*WORK REQUEST*: Please output the data exactly, minus pictures.

*DATASET*:
=== Section Start ===

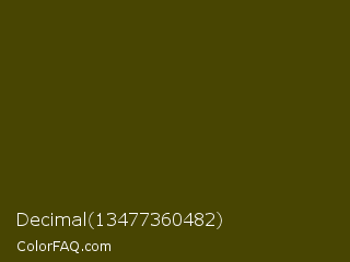 Decimal 13477360482 Color is a very dark yellow color and the nearest color is Bronze Olive #4e420c. Hex code #484502 and RGB value is rgb(72,69,2). In RGB color space, this color is composed of 28% red, 27% green, 1% blue, In CMYK color space, this color is composed of 0% cyan, 4% magenta, 97% yellow , 72% black , In HSL color space, this color has a hue angle of 57° , 95% saturation and 15% lightness.
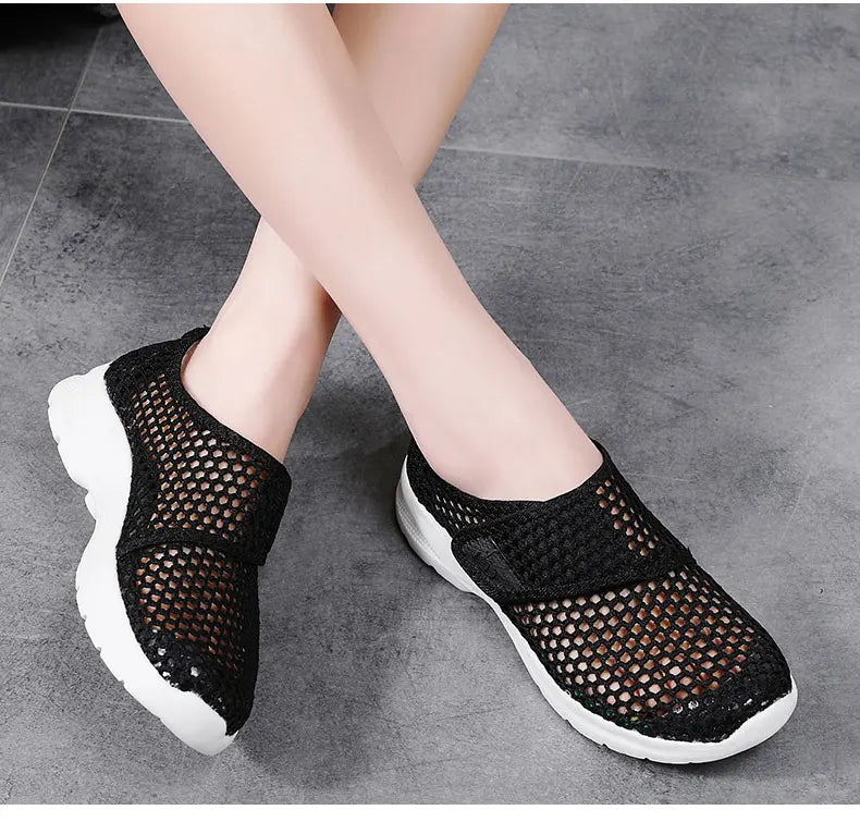 Women Mesh Shoes Summer Sports Black Outdoor Comfortable Loafers Monk Sneakers Girls For Walking Flats Mother Gift
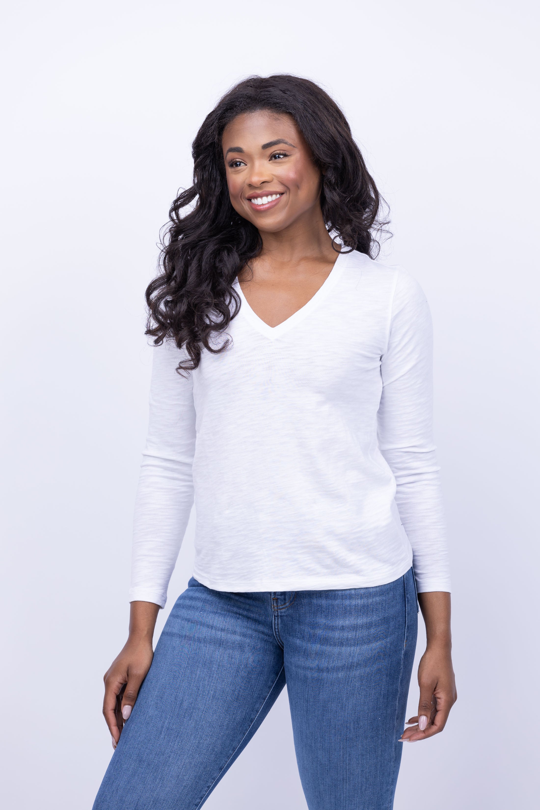 - The same Back Seam Long Sleeve V-Neck you love, now with a new style number!
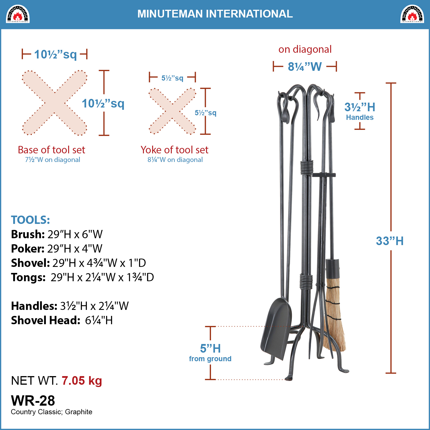 The Country Classic Tool Set is one of our traditional wrought iron sets made with the multi-strand forging technique. Simple and functional, the four tools- poker, tongs, shovel and brush, have looped handles which rest on the four tapering hooks, keeping tools at the ready. Finished in a natural-colored Graphite powder coating, this style pairs well with any of our simple or decorative Minuteman International wrought iron Fireplace Screens. Add a hearth rug to enjoy many cozy evenings at the fireside.
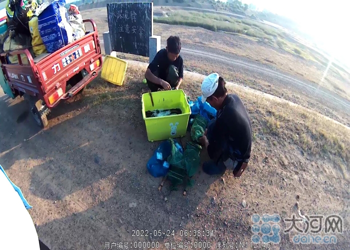 当天上午7时许,派出所民辅警巡逻到辖区邱楼村北汝河段内,一辆停靠在岸边的红色三轮车引起了民辅警的注意。巡逻民辅警迅速上前查看,发现车上装有鱼篓、网兜等捕鱼工具,河道内有2名约50岁的中年男子正在捕鱼收网。

=== Section End ===

*FINISHED TASK*:
 Decimal 13477360482 Color is a very dark yellow color and the nearest color is Bronze Olive #4e420c. Hex code #484502 and RGB value is rgb(72,69,2). In RGB color space, this color is composed of 28% red, 27% green, 1% blue, In CMYK color space, this color is composed of 0% cyan, 4% magenta, 97% yellow , 72% black , In HSL color space, this color has a hue angle of 57° , 95% saturation and 15% lightness.
 Women Mesh Shoes Summer Sports Black Outdoor Comfortable Loafers Monk Sneakers Girls For Walking Flats Mother Gift
 - The same Back Seam Long Sleeve V-Neck you love, now with a new style number!
 The Country Classic Tool Set is one of our traditional wrought iron sets made with the multi-strand forging technique. Simple and functional, the four tools- poker, tongs, shovel and brush, have looped handles which rest on the four tapering hooks, keeping tools at the ready. Finished in a natural-colored Graphite powder coating, this style pairs well with any of our simple or decorative Minuteman International wrought iron Fireplace Screens. Add a hearth rug to enjoy many cozy evenings at the fireside.
 当天上午7时许,派出所民辅警巡逻到辖区邱楼村北汝河段内,一辆停靠在岸边的红色三轮车引起了民辅警的注意。巡逻民辅警迅速上前查看,发现车上装有鱼篓、网兜等捕鱼工具,河道内有2名约50岁的中年男子正在捕鱼收网。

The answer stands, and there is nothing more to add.